We all know Newton’s third law: For every action, there is an equal and opposite reaction.
Or, at the least, we know it in our relationships. Family Systems theorists have argued for decades that a principle of polarization exists in families. When one person acts extremely, another generally reacts to the opposite extreme. Let’s take the Smiths. When Mrs. Smith decided to take a day at the spa, Mr. Smith was angry. As the breadwinner, he works hard for the money. Frustrated and motivated by not-a-little self-pity, Mr. Smith decided to work longer hours that week. In turn, Mrs. Smith bought a $150 pair of jeans. Late that week, a fight broke out between the two. Mrs. Smith was angry with Mr. Smith’s distance. Mr. Smith was angry with Mrs. Smith’s selfishness. An exercise in missing the point.
The two wanted intimacy, closeness, connection. Their polarized argument may have revealed grains of truth (Mr. Smith does work too much and Mrs. Smith indulges too much), but missed the real point.

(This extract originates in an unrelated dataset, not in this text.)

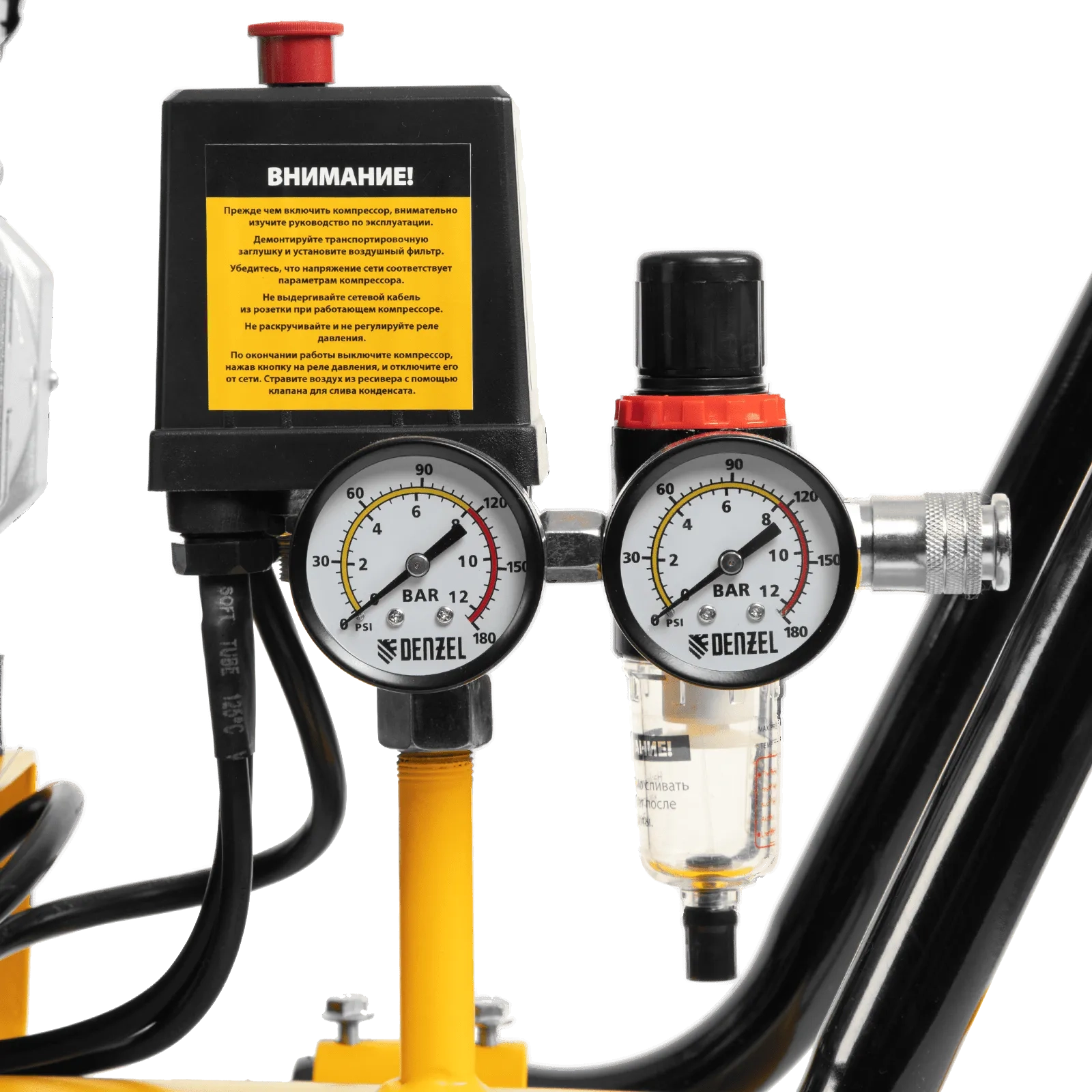 - Контроль давления в ресивере и на выходной магистрали — компрессор оборудован двумя манометрами.

Our family dynamics as Christians are similar. Our fights don’t often reveal our real issues.
Now, our polarizations may include real and important differences (I wouldn’t deny objective differences among, for instance, those who deny Christ’s deity and those who do). But, healthy families talk about differences. Sometimes, differences lead to separation. But separation, itself, marks a commitment to the healthiest relating possible amidst difficult circumstances.
However, unhealthy families explode in the midst of difference, often clouding real issues and failing to talk about what is most important. Factions polarize. Smaller issues divide. Mountains are made out of molehills. And in our anger, it’s so hard to see the real struggle. Let’s be honest, we’re all guilty of it. Polarization began in the Garden. “She did it! No, he did it!”

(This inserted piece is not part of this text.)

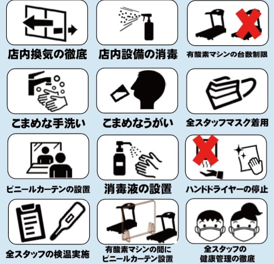 また、当ジムでは皆様に安心してご利用いただけますよう、下記の感染防止対策に徹底して取り組んでおります。

Having taught courses in a conservative, evangelical and confessional seminary and also in a liberal, progressive, and constructive seminary, I see these features in both. Caricatures dominate. In the liberal seminary where I taught a course, I recall becoming very defensive when a student challenged the notion of “God’s Kingdom” as a patriarchal and inherently violent term. Internally polarized, I reacted with some anger. What did I miss, though? I missed an opportunity to hear the student’s story. Later, I checked in with her. My student (who was a minority, herself) was not, in fact, opposed to the language, but to a religious philosophy that champions the dominant group over the minority group. I validated that. And then I explained that the Kingdom of Jesus is an upside down Kingdom, where the weakness of the Suffering Servant paves the way for the redemption of broken, needy, sinful men and women. She teared up. “I like that Kingdom,” she said. A new journey began for her.

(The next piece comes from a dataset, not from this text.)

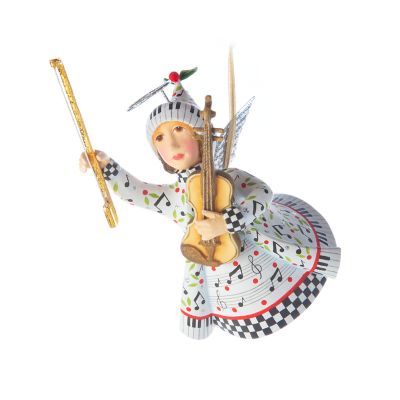 Is there an angel in your life? Someone who has a perpetual song in her heart? Celebrate her with the handmade and hand-painted Patience Brewster Music Is Paradise Angel Ornament. This angel holds a violin in her hands and wears a coat and hat decorated with musical notes and piano keys.
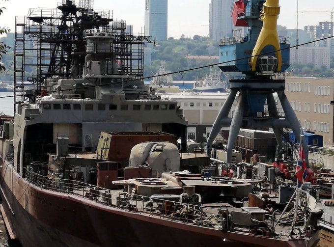 火后,俄罗斯又加快了该舰的改装过程,注意照片中B炮位已经焊接上了一段高高的导弹垂直发射基座,突出一大截看上去很不协调。主要是导弹发射井的井深要大于以前火炮的炮井深度,这就只有突出一截了。该舰本来预定2019年底完工,目前看来能够在2020年内完工已经是谢天谢地了!

Likewise, a conservative student was flustered when he found out that I was egalitarian. He began arguing with me on the data. But this time I stayed centered, not giving in to my propensity to argue, caricature, polarize. I told him my story, a story which includes influential conversations with my former professor, a great Reformed theologian who taught at Gorden Conwell and RTS named Roger Nicole, lauded even among ardent complementarians (clink on the link). He saw that I studied the Bible, and that my journey was not guided by some “misguided feminist agenda,” as he called it, but by “thoughtful study.” He relaxed. And so did I. Polarization AVOIDED.
What if our family could move in this direction? What if we asked one another more about our stories than assuming some slippery slope, or some arrogant agenda? Let’s talk.